▸ **INPUT MATERIAL**:
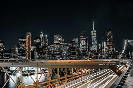 Blur background of New York City Skyline aerial view from Manhattan Bridge with skyscrapers background at dusk. Financial District of NYC with traffic light trails on FDR Drive
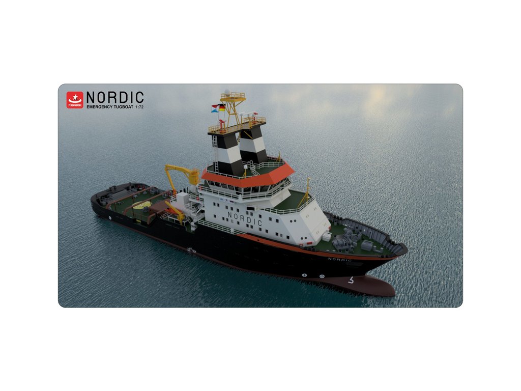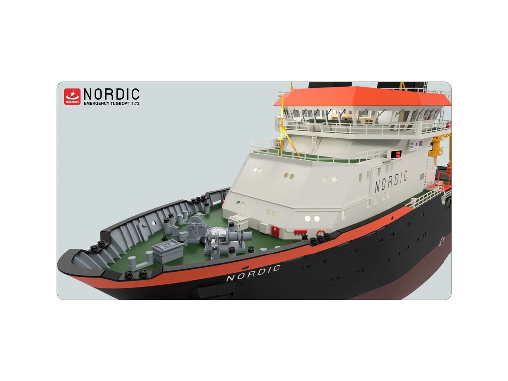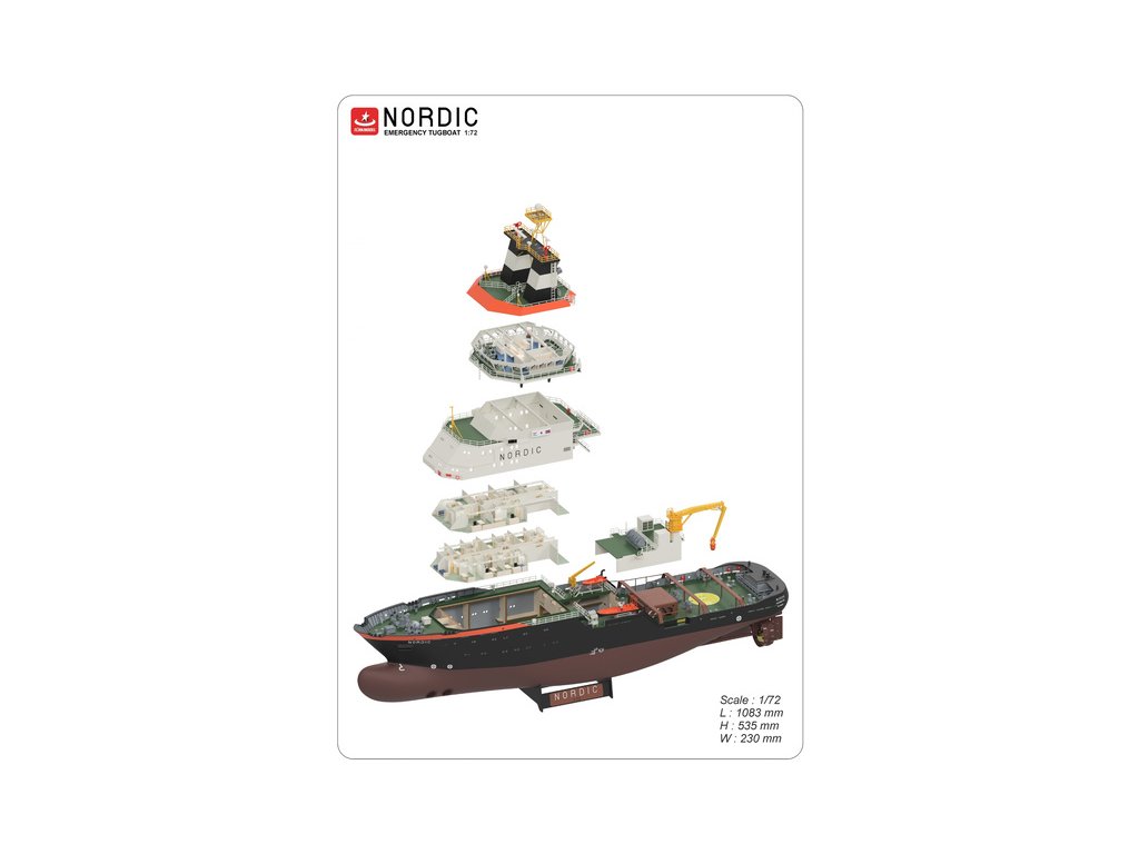 Stavebnice modelu lodi záchranného remorkéru Nordic v měřítku 1:72 s délkou 108 cm. Stavba lodi vhodná pro zkušené modeláře. Maketa byla navržena podle originálních výkresů, včetně detailních prvků. Model obsahuje dřevěný překližkový trup doplněný o lišty z Abachi. Dřevěné díly jsou přesně a čistě laserem řezané. Dále model obsahuje kvalitní resinované 3D díly. Hlavní můstek a obytné kajuty májí kompletně vybavený interiér. Stavebnice je navržena jako statický model, lze jej však sestavit jako plovoucí model a doplnit o pohonnou sadu a elektroniku s RC soupravou. (Není obsahem balení).
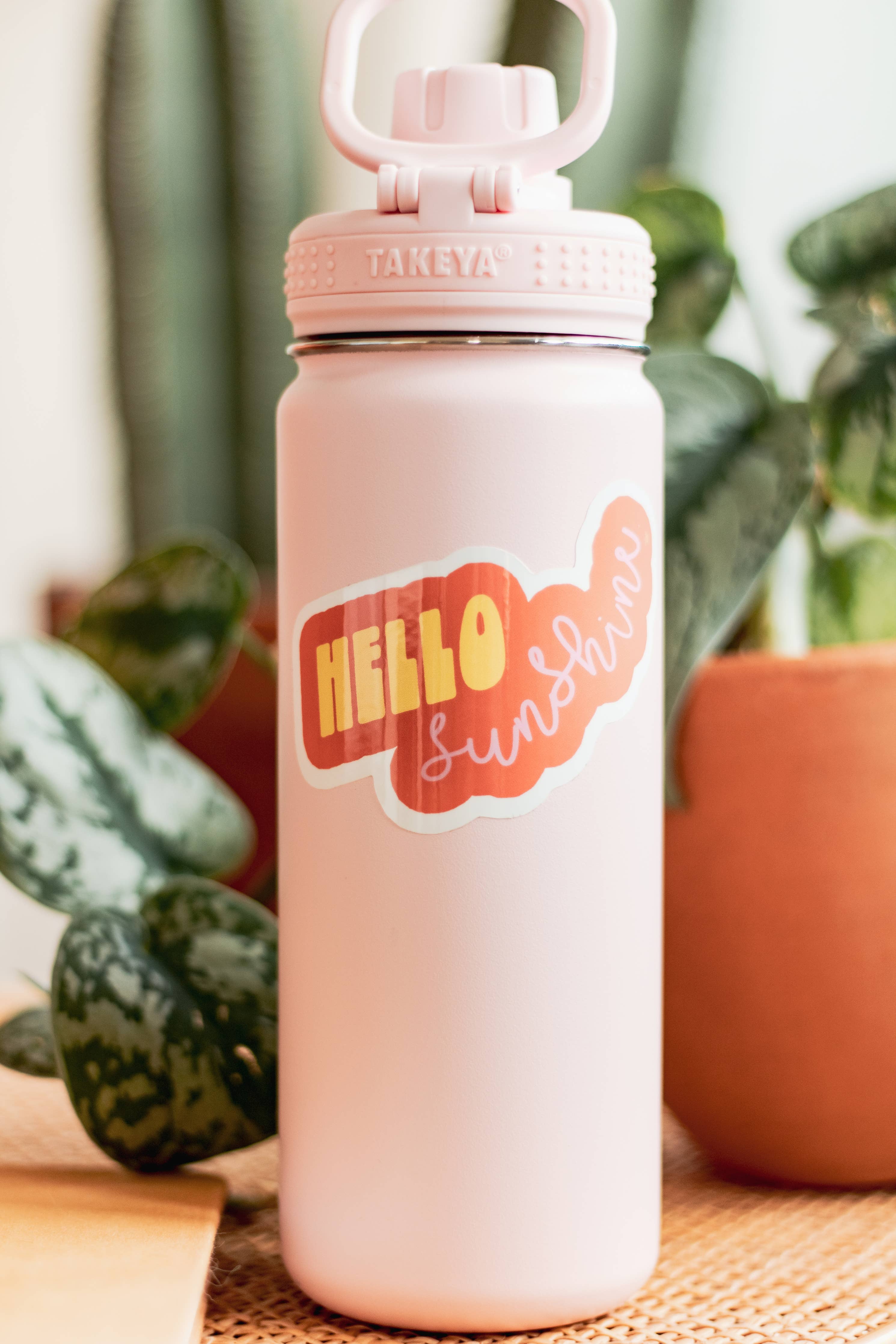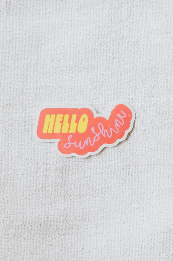 -Vinyl Decal, coral background with yellow Hello and lavender Sunshine
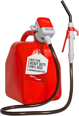 TERA PUMP - Flow Control Fuel Transfer Pump 2nd Gen. - Powerful Transfer at 2.5 GPM, Newly Upgraded with Universal Built-In Adapter, Durable Vinyl Hose for Gasoline, Diesel, E85, E15 & More
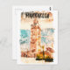 Stylish retro watercolor artwork postcard showing the scenery and breathtaking architecture and landmarks like the koutoubia mosque of Marrakech or Marrakesh in Morocco. Works great as a travel souvenir and also gift idea to memorise your vacation in the Maghreb country.
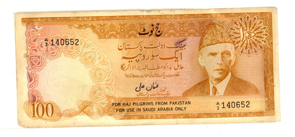 Category Banknotes Lot number 675 Starting Bid 30000 Lot Pictures Pakistan 100 Rupee HAJ NOTE Signature by Usman Ali Prefix A/2 condtion XF+
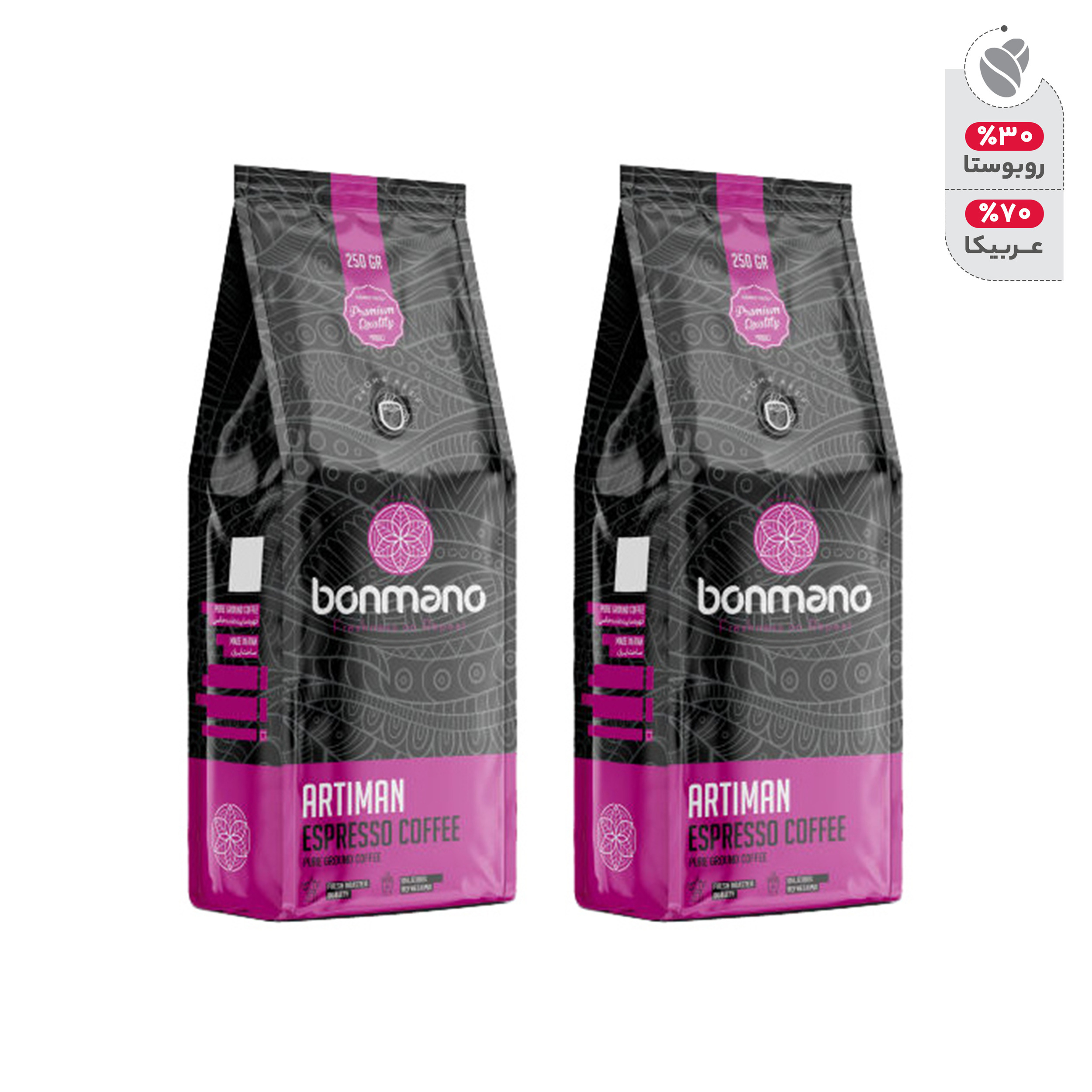 ویژگیهای قهوهی اسپرسوی آسیاشدهی آرتیمان: 70% دانههای قهوهی اسپرسوی آرتیمان عربیکا با خاستگاه لاتین و آفریقا بوده و 30% دیگر روبوستا با خاستگاه هند است. اسیدیتهی این قهوه ملایم و کف (Crema) آن بالا است. عطر و طعم پیچیدهی مرکباتی و کاکائویی این ترکیب قابل حس است.- Aroma Keep – مکانیزمی که با ممانعت از ورود هوا به داخل بستهبندی پایداری رایحهی قهوه را تضمین میکند.- MAP – بستهبندی در اتمسفر اصلاحشده در این تکنولوژی بستهبندی از اکسیدشدن قهوه جلوگیری شده و زمان ماندگاری بهطور قابل توجهی افزایش مییابد؛ لذا محصول تازه و معطر باقی میماند.- Fresh Roast: تمام دانههای قهوه تازهبرشت هستند.- Signature Blend: ترکیب اختصاصی بنمانو حاصل مشارکت و مشاورهی متخصصین جهانی است.
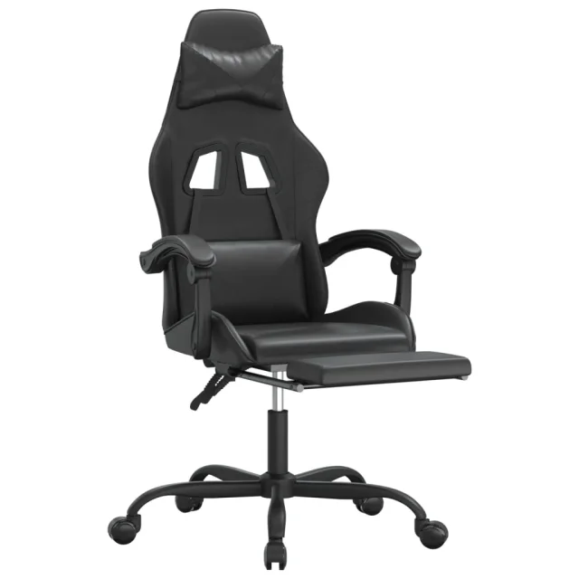 vidaXL Gaming stol z oporo za noge črno umetno usnje
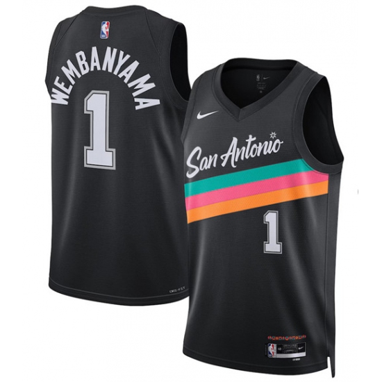 Men's San Antonio Spurs #1 Victor Wembanyama Black 2025-26 City Edition Swingman Stitched Basketball Jersey
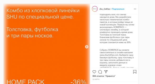 Даже во время самоизоляции хочется выглядеть хорошо. Петербургский бренд одежды SHU clothes подготовил уютную хлопковую линейку для дома. На нее можно получить скидку, введя кодовое слово и собрав все элементы набора: футболку, толстовку и три пары носков.
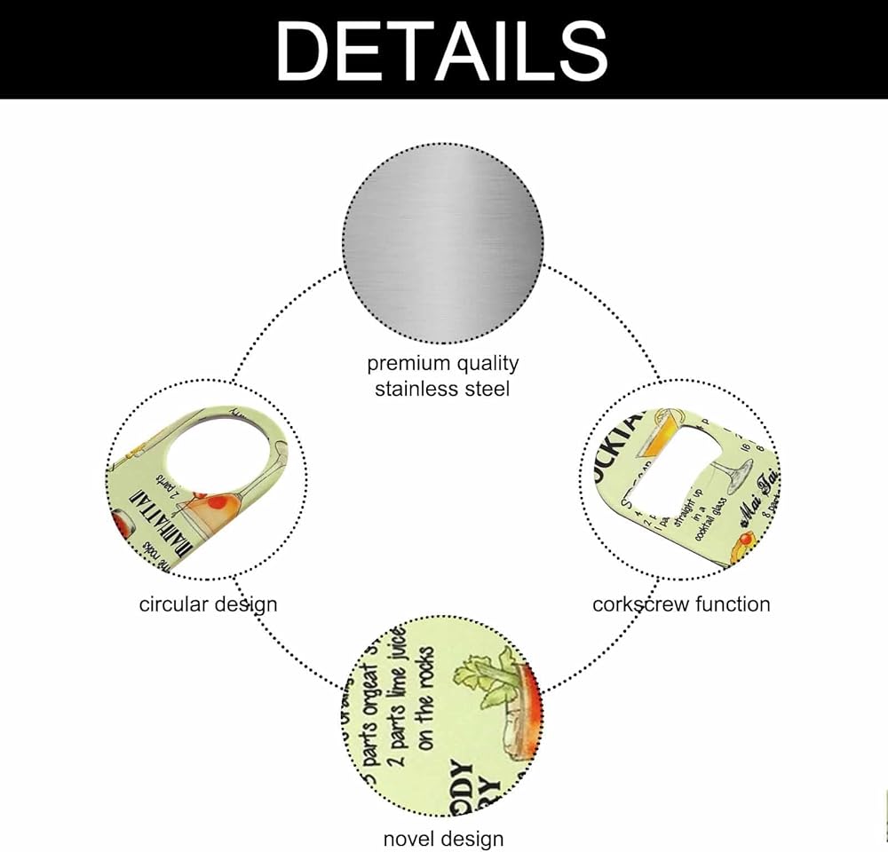 • Unique Design: Beer bottle opener is printed with double-sided printing, with multiple and interesting styles, no longer monotonous. The bottle opener is lightweight and portable, and has a round hole at the bottom of the handle for hanging, making it easy to store.
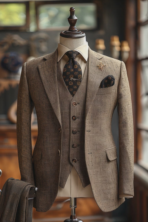 Brown Checked Linen Suit – Custom Made & Made to Measure
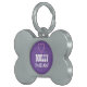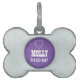 This dog tag with its background of purple and in the shape of a bone is a trendy tag for your dog! Customise with your dog's name and your contact information.
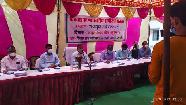 मुहम्मदाबाद। शुक्रवार को मंडलायुक्त सुभाष चंद्र शर्मा ने डकोर विकास खंड परिसर में कोरोना वायरस के चलते बाहर से आए प्रवासी मजदूरों को रोजगार दिलवाने के संबंध में बीडीओ व ग्राम सचिवों को कड़े निर्देश दिए। अधिक संख्या देखकर मंडलायुक्त ने बैठक से रोजगार सेवक व तकनीकी सहायक को बैठक से भगाया।
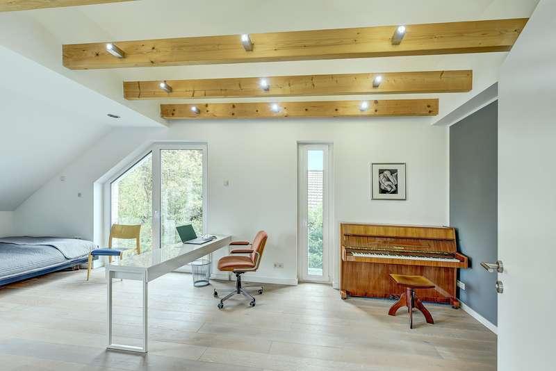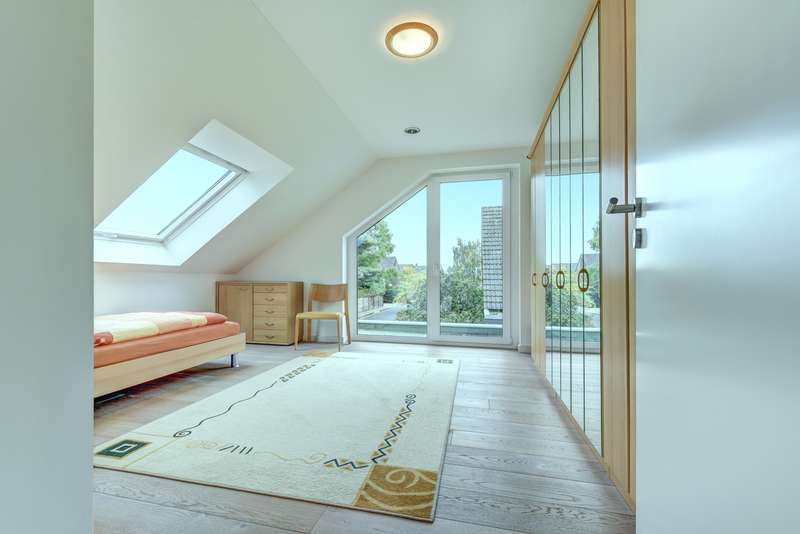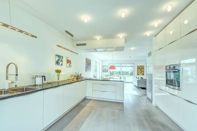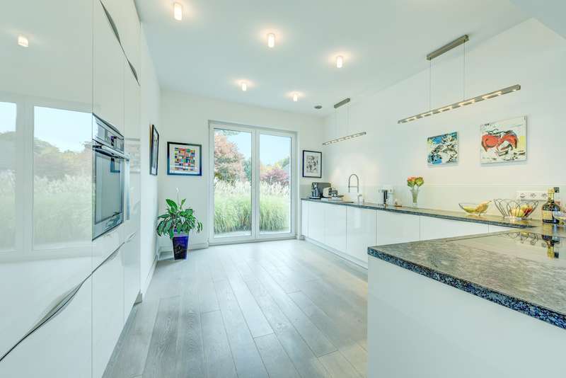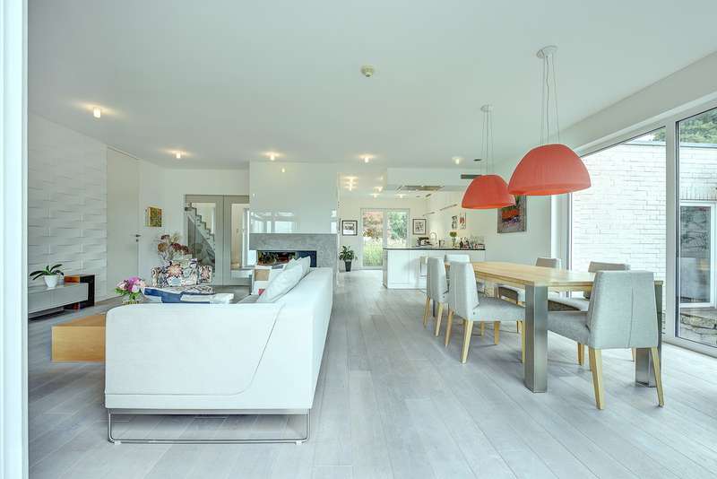 Completed in 2013, this detached house combines modern architecture with a well thought-out room layout and impresses with its generous living space. The modern property is situated on a south-facing plot of approx. 915 m² and offers unobstructed views. The property has a total of five bedrooms and three bathrooms. The inviting entrance area catches the eye as soon as you enter the house, providing a harmonious transition to the spacious living and dining area with open-plan kitchen. Floor-to-ceiling windows provide plenty of natural light and open up views of the spacious garden. The open-plan living area also features a cozy fireplace with modern marble tiling. The premium kitchen is directly connected to the dining area and has high-quality fittings and plenty of storage space thanks to numerous cupboards and work surfaces. A kitchen counter charmingly rounds off the kitchen area. The first floor also has a separate, low-threshold sleeping area with a fully equipped bathroom with a walk-in shower, a dressing area and an adjoining bedroom. The centrally located staircase leads to the upper floor. This is currently used as a separate granny apartment with a large living/dining area with fitted kitchen, a bedroom, a bathroom and a hallway. Another large room with a bathroom is also located on the upper floor. The floor plan is flexible: Whether as three to four bedrooms with two bathrooms or currently as two separate living areas - anything is possible. You can enjoy a fantastic view of the countryside from all the windows. The energy-efficient building technology includes modern underfloor heating, which provides pleasant warmth in all living spaces via geothermal energy. Controlled ventilation rounds off the building technology for a pleasant living atmosphere. In terms of sustainable energy supply and low operating costs, this property is absolutely progressive. The fittings and materials used are of a high standard. The house is in very good overall condition and is suitable for both families and couples who value spacious living and modern technology. Two garages with wallboxes and several outdoor parking spaces offer convenient parking options right next to the house. One of the garages also offers sufficient space for garden utensils and can be accessed directly from the garden. The very large main terrace has a high-quality glass roof with side protection, shading and lighting, making it a wonderful outdoor living area. In addition to a homely and high-quality basement, there is also a sauna and a fitness area. A fourth bathroom has been prepared. The surrounding area is characterized by a quiet and family-friendly neighbourhood. Shopping facilities, schools, kindergartens and leisure activities are just a few minutes away, as are public transport links and the regional road network, such as the A44 and A52. See the advantages of this property for yourself and arrange a viewing appointment. The house is ready for immediate occupation and is just waiting to fulfill your individual living dreams.
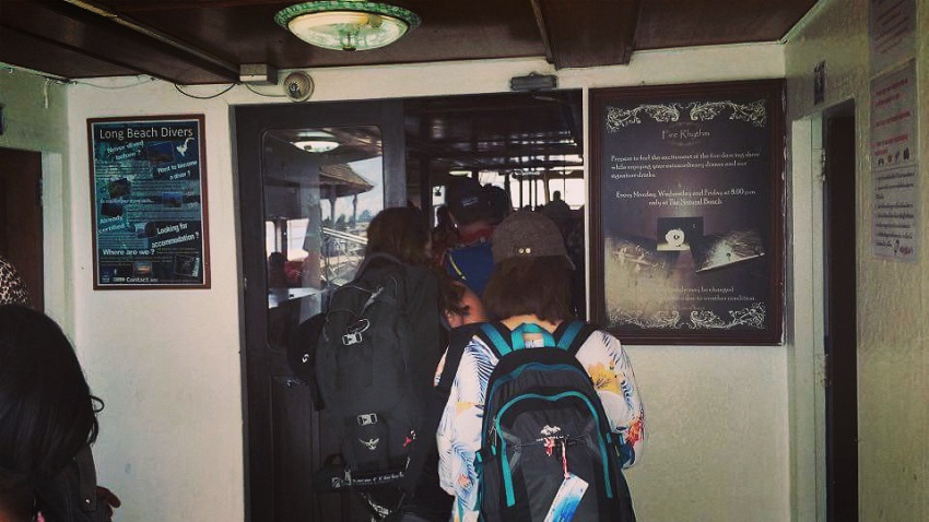 ขึ้นเรือแล้วรีบหาที่วางกระเป๋ารวมกับของนักท่องเที่ยวคนอื่นๆ แล้วหาที่นั่ง เรือมีสองชั้นค่ะ ชั้นบนและชั้นล่าง จะมีเบาะให้นั่ง มีแอร์เย็นๆ

▸ **INSTRUCTIONS FOR THE TASK**:
Leave out any pictures, please, and quote only the lines from the top of the data through the line that contains "-Vinyl Decal, coral".

▸ **SOLUTION TO THIS PROBLEM**:
 Blur background of New York City Skyline aerial view from Manhattan Bridge with skyscrapers background at dusk. Financial District of NYC with traffic light trails on FDR Drive
 Stavebnice modelu lodi záchranného remorkéru Nordic v měřítku 1:72 s délkou 108 cm. Stavba lodi vhodná pro zkušené modeláře. Maketa byla navržena podle originálních výkresů, včetně detailních prvků. Model obsahuje dřevěný překližkový trup doplněný o lišty z Abachi. Dřevěné díly jsou přesně a čistě laserem řezané. Dále model obsahuje kvalitní resinované 3D díly. Hlavní můstek a obytné kajuty májí kompletně vybavený interiér. Stavebnice je navržena jako statický model, lze jej však sestavit jako plovoucí model a doplnit o pohonnou sadu a elektroniku s RC soupravou. (Není obsahem balení).
 -Vinyl Decal, coral background with yellow Hello and lavender Sunshine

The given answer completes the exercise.